= Dave Costa (offensive lineman) =

American gridiron football player (born 1978)

David C. Costa (born September 8, 1978, in Erie, Pennsylvania) is a former NFL and Canadian Football League offensive lineman. Costa attended Ellwood City High School (Wolverines) in Pennsylvania, and was a four-year letterman in football. He was named the Team M.V.P. as a senior.

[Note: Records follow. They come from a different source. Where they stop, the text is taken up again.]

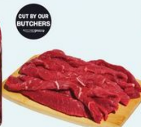
BEEF STIR FRY STRIPS 250 G 21588067_EA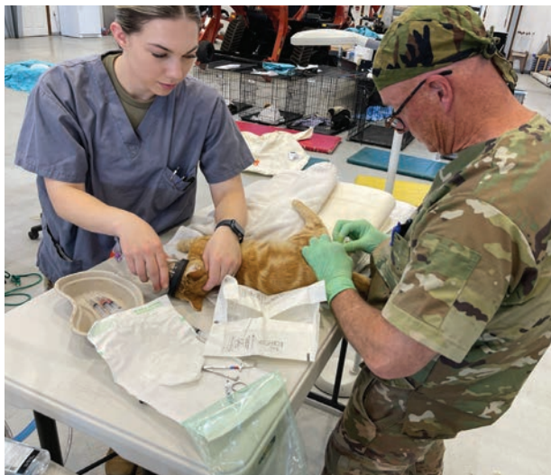
Service Members receive veterinary training

From June 13 to June 22, the Army Reserve led the Operation Walking Shield: Round Valley Indian Health mission to provide no-cost dental, medical, and veterinary services to the Round Valley community. The Marine Corps Reserve, Navy Reserve, and Air National Guard supported this joint mission to provide medical services and communications capability.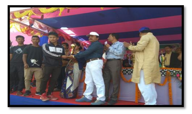
Rangia College boys Kabaddi Team won the best team Award in Inter college Kabaddi tournament 2018-19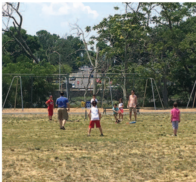
JOY/HOPE Whiffle Ball game (June 26)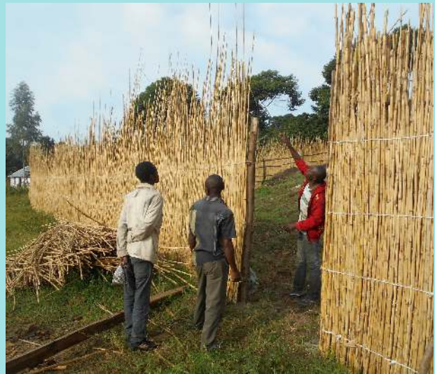
Building the reed fence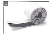
Rubber skirt, non marking.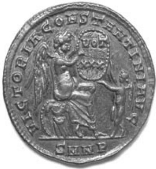
Reverse: Victory inscribing a shield

The solidus was a lighter gold coin that replaced the aureus in the early fourth century A.D. The bust of Constantine I on the obverse of this solidus ⑩ continues the tradition of portraiture observable on earlier gold coins (e.g., ⑧ and ⑨ ); the emphasis of the engraver, however, has shifted away from the individualized likeness of the emperor, achieved through plastic treatment of the face and hair, towards details of costume and ornament, indicated by lines and geometric shapes. The image on the reverse, of a seated Victory inscribing a small shield, also borrows a time-honored motif (cf. the reverse of ⑧ ).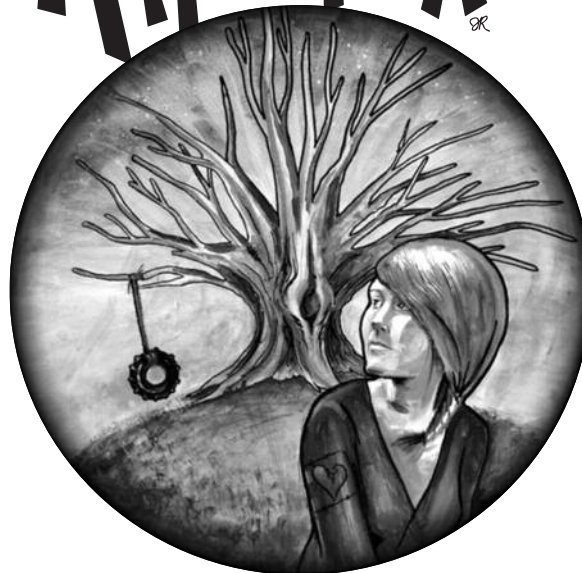
2009 artwork by Josh Dixon

Art in the Park Committee Galesburg Civic Art Center 114 East Main Street Galesburg, IL 61401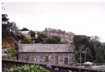
Rosscarbery ACA (part of)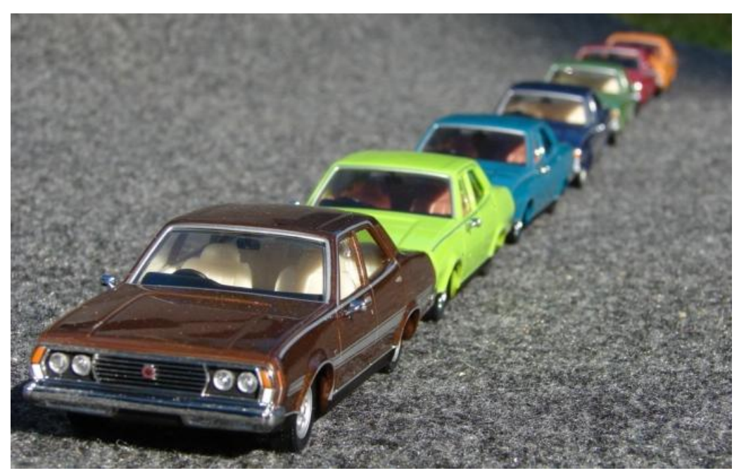
7 ONLY CARS LINING UP FOR THE NATIONALS 2015

Phone 0883238265 email <u>info@mclarenvalemotel.com.au</u>

After graduating from the University of Wisconsin (Badgers), (where Costa was a member of 2 Rose bowl winning teams), Costa had played for San Francisco 49ers (2001–2002) and attended camp with Tennessee Titans and Pittsburgh Steelers. Costa spent a year in Europe (with the Scottish Claymores, 2003), and in the CFL for the Toronto Argonauts (2004–2007) and was a member of the 2004 Grey Cup Champion team. Costa ended his CFL career with Calgary.

Upon retirement from pro football, Dave attended and graduated from The Center of Emergency Medicine and is a Nationally registered Paramedic. Costa was employed by the City of Pittsburgh (PA.), Department of Public Safety, Emergency Medical Services, where he held the position of Paramedic. Costa later became a Firefighter with the City of Pittsburgh. Costa and his wife, a Pittsburgh police officer, had three children.